The Miami Strangler remains one of Florida’s most haunting unsolved serial murder cases. Between 1964 and 1970, an unidentified killer terrorized Miami, claiming the lives of at least nine women. The moniker “Miami Strangler” emerged from the media and police due to the frequent use of strangulation or similar asphyxiation methods, though not every victim died by strangling alone; some involved smothering, bludgeoning, or other violence. The crimes instilled widespread fear in the city during a period when Miami was growing rapidly as a tourist and retirement destination.

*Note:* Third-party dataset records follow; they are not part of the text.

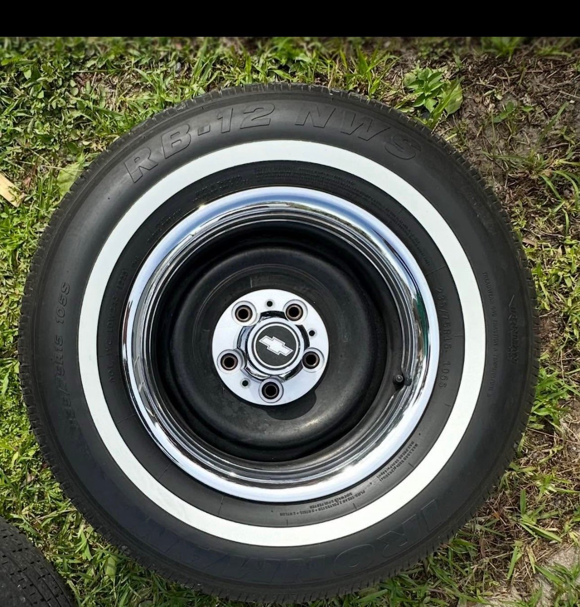 Two tires are like new and the other two have some wear but still have life left in them. I do have some Chevy rally center caps as well if needed. Lug pattern is 5×5
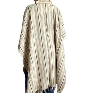 Vintage Unisex 1970s 100% Wool Brown Cream Striped Fringe Hippie Poncho One Size
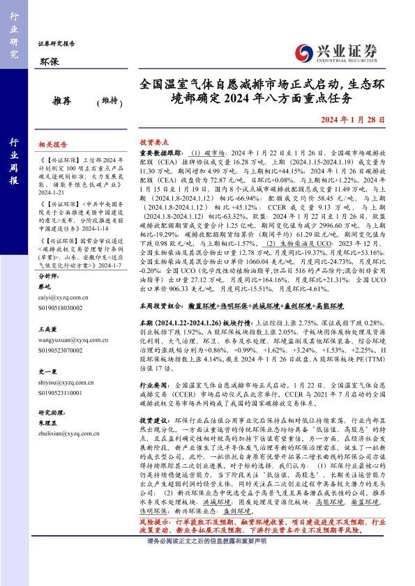 【兴业证券】【20240128】环保行业周报:全国温室气体自愿减排市场正式启动,生态环境部确定2024年八方面重点任务-13页

The killer targeted women across a range of ages and backgrounds, with victims discovered in homes, vehicles, bodies of water, or other locations. While the murders shared certain signatures, such as sexual posing of bodies in some instances despite no confirmed sexual assaults in many cases, they varied enough to complicate early linkage. Police connected the cases over time based on patterns, location, and the era’s limited forensic tools.
The killings began in the summer of 1964 and escalated in frequency toward the end of the decade, culminating in a pair of closely spaced murders in October 1970 that prompted authorities to publicly acknowledge a serial predator at work.
The earliest attributed killing was that of sixty-four-year-old Mary E. McGreevy, who was smothered with a pillow in her home on August 17th, 1964.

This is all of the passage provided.